Jason Hartman: When interest rates go up, it improves the rental market, but hurts the “For Sale” market because fewer people can afford to buy. Landlords and investors actually like high interest rates going up because they’ve already locked in their rates in the past when rates were lower. And if rates go up in the future, it limits the amount of rental inventory that comes on the market because investors aren’t buying as much. And the people who are renting, can’t afford to buy, so it puts upward pressure on rents. Bottom line, landlords actually like higher interest rates.
7. What are the best markets for real estate investing now?
Jason Hartman: All around the world you can basically break real estate into three general types: Cyclical Markets (High Risk: Los Angeles, New York, Paris), Hybrid Markets (Medium Risk: Austin, Atlanta, Phoenix) and Linear Markets (Conservative: Little Rock, Memphis, Quad Cities). The time to invest in Linear markets is very good right now because they don’t have the high peaks of the other markets. And some markets near Chicagoland are actually good with excellent cash flow. I would not recommend buying properties in Cyclical Markets because I think those markets are over-inflated at this point. You are taking a huge risk in places like Boston, South Florida, London, Vancouver and Dubai. These high-risk markets are far past the point of fundamental value.
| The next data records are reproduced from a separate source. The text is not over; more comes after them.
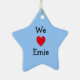 "Nós amamos Ernie" com um design de coração vermelho. Adicione uma foto na parte de trás deste ornamento em forma de estrela.
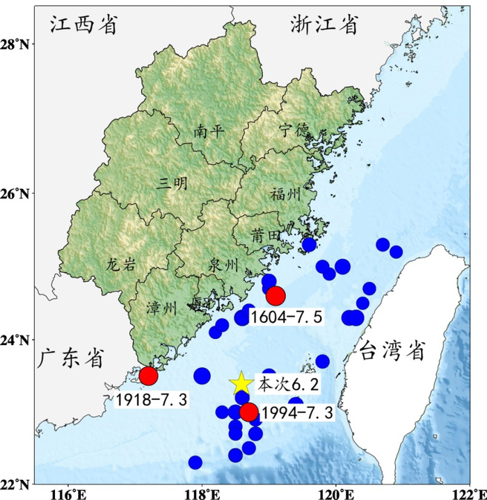 此次6.2级地震所在的台湾海峡位于东南沿海地震带北段,处于台湾造山带前缘,受马尼拉海沟影响,地质构造较为复杂,震区周边历史强震较为活跃。震中周边100千米范围内历史上发生5级地震13次,6级地震1次,7级地震1次,最大地震为1994年9月16日7.3级地震(图1)。此次6.2级地震与1994年7.3级地震一样,都发生在早第三纪前陆盆地的边界断层带,初步判定此次地震发震构造为东山隆起东缘断裂。
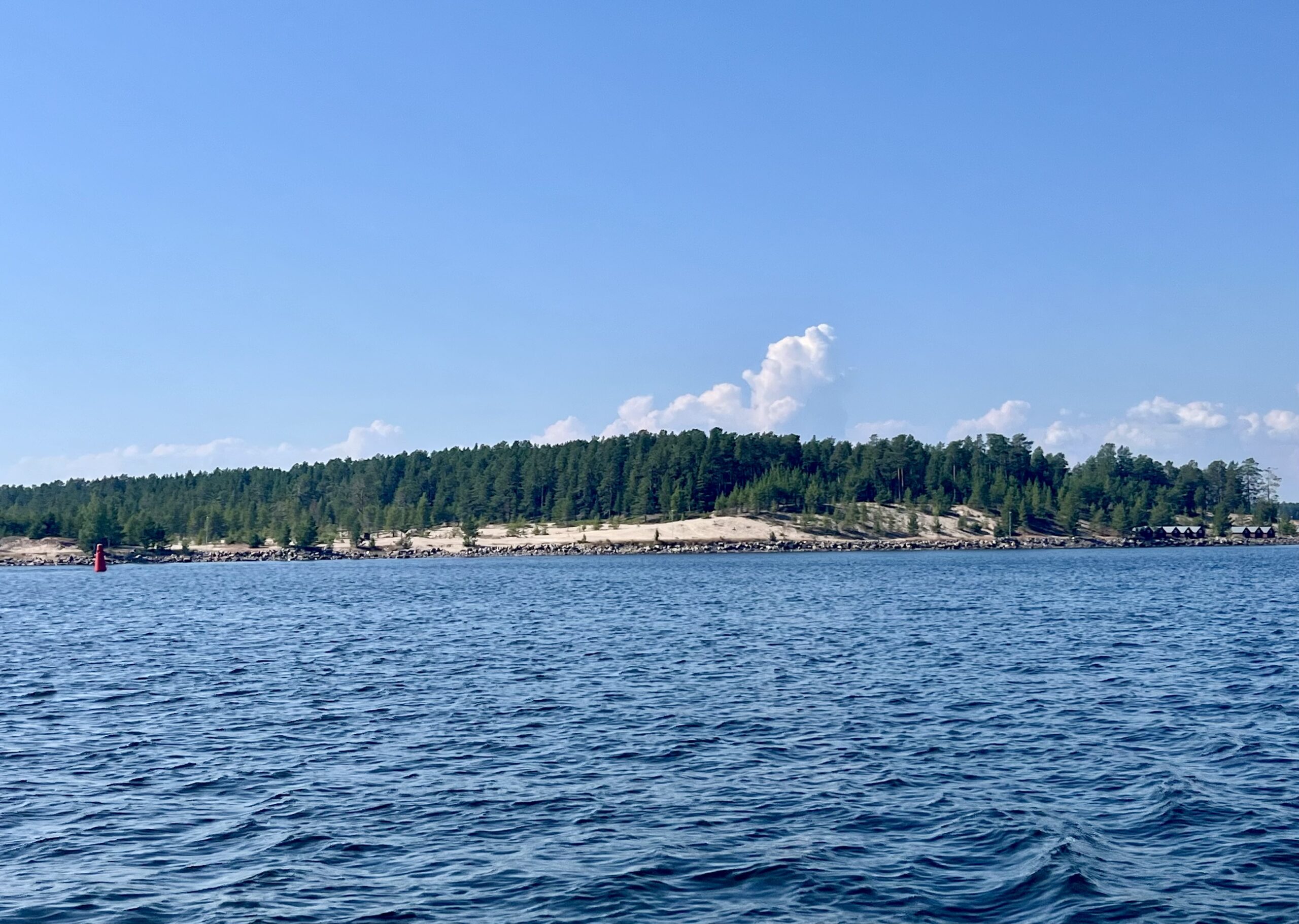Aus Luleå raus ging es heute voll durch das Industriegebiet. Vorbei an altem und neuem Stahlwerk, an Hafenanlagen, Kohlenhalden und der Eisenerzverladung. Alles nicht so schick und einladend. Und dann – ca. zwei Seemeilen weiter – oh Wunder – plötzlich Dünen und langer Sandstrand mit Sonnenanbetern und Badelustigen. Das hatten wir nicht erwartet.

8. Will we see more Pet Rent as Renters?
Jason Hartman: Pet rent is a common practice with institutional apartment owners, and we will see more as the renter population increases. Americans love their pets. I love my dog, and chances are that a little rent pet is not going to change anyone’s desire to own a pet. So, if you rent an apartment, most of them allow pets now because they want to be pet friendly. But they will charge you pet rent. You might pay $25 or $35 extra per month to have your dog or cat living there. And that is a trend that I see catching on with individual owners that own single-family homes. And I think that is a fine trend. As a much as I love animals, I’ve never seen one actually improve the value of the property. They usually don’t improve it, they do the opposite because they cause a little more wear and tear.
With more renters today than in the past 50 years and the new tax plan taking effect (MarketWatch), watch this space.
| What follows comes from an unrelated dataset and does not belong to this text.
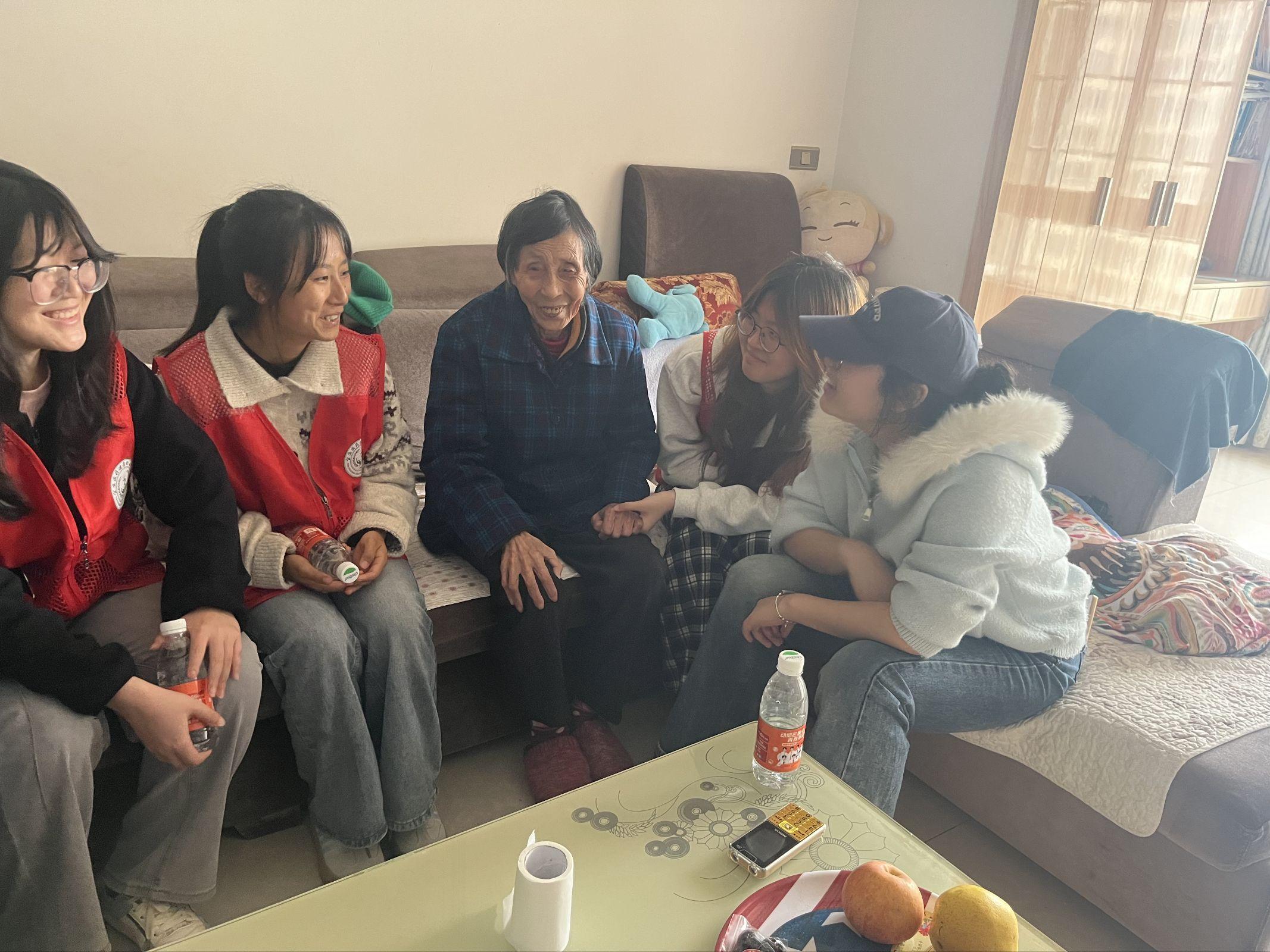 活动当天,大学生志愿者们在社区工作人员的引导下,分组走进服务对象家中,开展“清扫+陪伴+健康”三位一体的志愿服务,用实际行动传递温暖。在留守老人家中,志愿者们主动拿起扫帚、抹布,细致清理屋内卫生、擦拭桌椅,让老人的居住环境变得干净整洁、焕然一新。

Bottom line, Jason advises, “rent where you want to live, and invest where it makes sense.” He currently recommends investing in single-family homes with positive cash flow in a minimum of three Linear markets.
Along with being the President of Platinum Properties Investor Network and Hartman Media Company, Jason owns property in 11 states, is the author of 11 books, and produces 15 podcasts, including the Creating Wealth Real Estate Investing Show that is approaching it’s 1000th episode.